Por la sicología de los protagonistas me inclino que ellos se guiarán más por su orgullo personal, que además les sobra a los dos.

El peronismo

Para simplificar, el peronismo apunta más al contubernio: su principal objetivo es ganar o hacer el mejor papel en la elección de medio término, sin importar para qué.

Lo han dicho de modo explícito, pero también cada uno quiere “contuberniarse” para lograr sus propios y personales fines.

Kristina, “para ayudar a sumar votos”, que no es más que aportar una parte de su famoso “54% fruto de su viudez” y, de paso, justificar de antemano que su techo seria el 35%. Pero ella impone condiciones, designar las listas de candidatos en la Provincia de Buenos Aires e inmiscuirse en las comunas o municipalidades.

Los intendentes -gobernadores en miniatura-, la necesitarían para arrastrar votos y permanecer en funciones y mantener sus privilegios, pero deben pagar el precio de la “obsecuencia”.

Kristina no puede ocultar su sed de venganza y por eso en estas elecciones quiere ir por todo, sin dejar nada, para tener desde el Congreso su base políticamente destituyente.

En la farsa armada en C5N, ella mintió con elegante alevosía y se dirigió a un sector especifico de la población que es el que ella cree poder manipular y que Eduardo Fidanza describió así en el diario La Nacion: “En los sectores populares desaparece progresivamente la conciencia del conjunto de la sociedad, centrándose la atención en las necesidades básicas del grupo familiar: no importaba tanto la corrupción, y aun la inseguridad, porque con Cristina había trabajo; que las instituciones funcionaran mal o que los hospitales atendieran tarde, que los chicos aprendieran poco en la escuela o se vendiera droga en el barrio, quedaba disimulado porque "se podía traer el pan a casa", como dicen tantos testimonios”.

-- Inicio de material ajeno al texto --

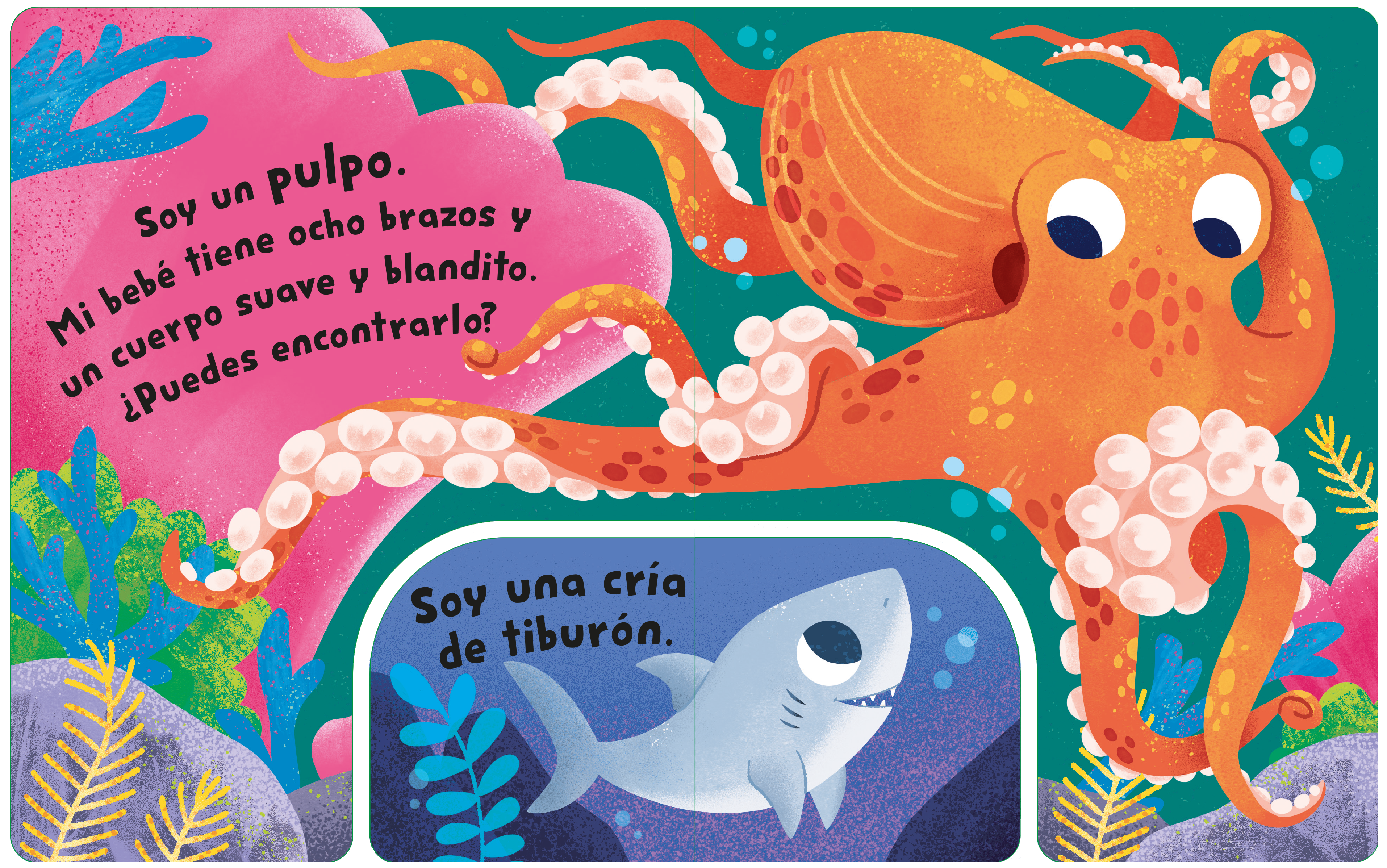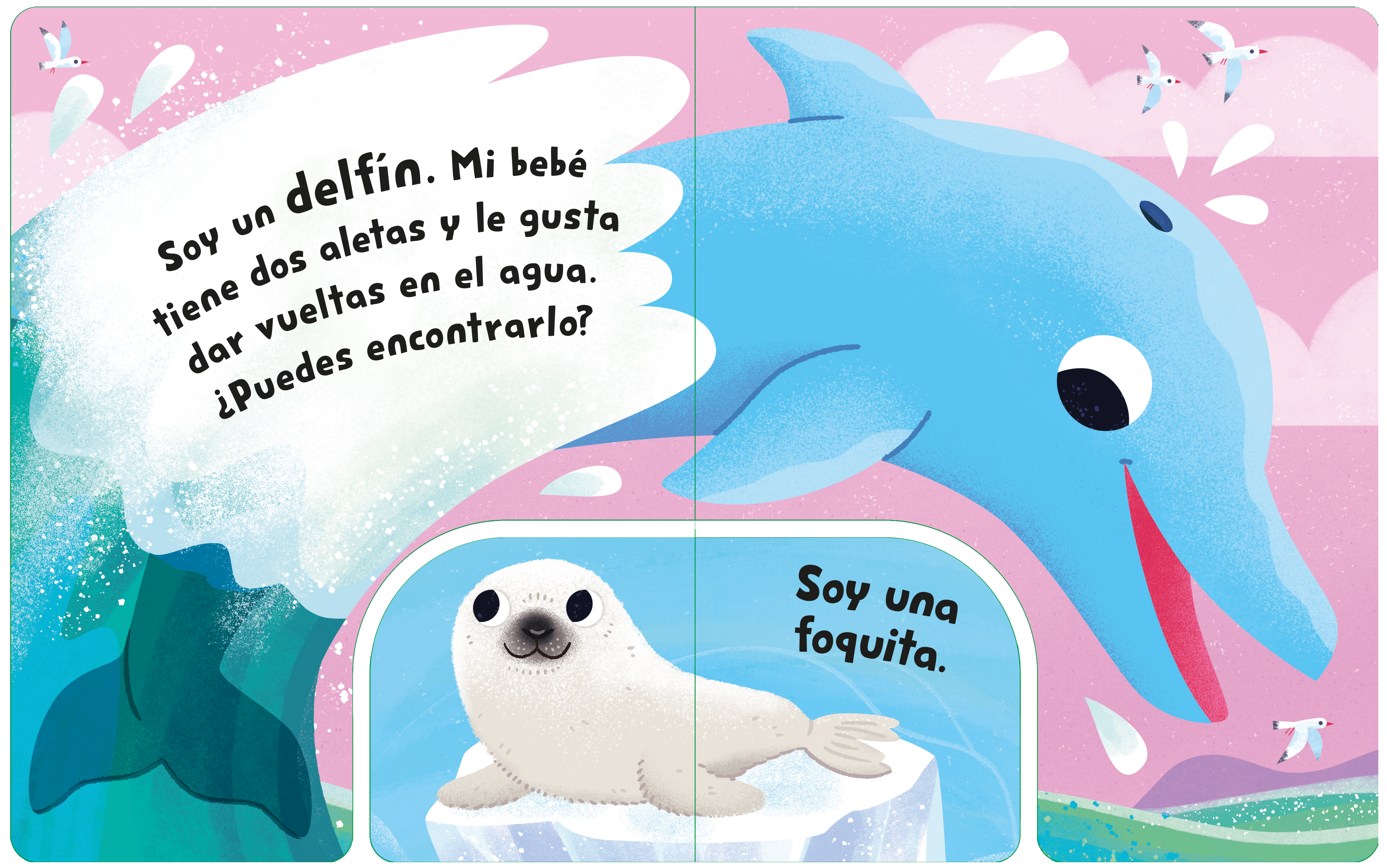 ¡Únete a siete animales del océano y sus bebés en un juego de PARES! Te encantará dar la vuelta a las solapas y encontrar cada pareja.

Paradójicamente, es el sector más despreciado por ella, tal como lo demostró con su ausencia en hechos como el accidente de Plaza Once u otras calamidades que impactaron esencial y dolorosamente en esos sectores en los que cree la votarán incondicionalmente. Son los oximorones de todo populismo.

Estas dos cuestiones -una la de Alianza o Coalición, y la otra el Contubernio-, son la misma moneda o las dos caras de nuestra sociedad. Diría más: es nuestro conflicto irresuelto desde el fondo de nuestra joven historia.

Son, asimismo, los misterios de la política y del ejercicio del poder.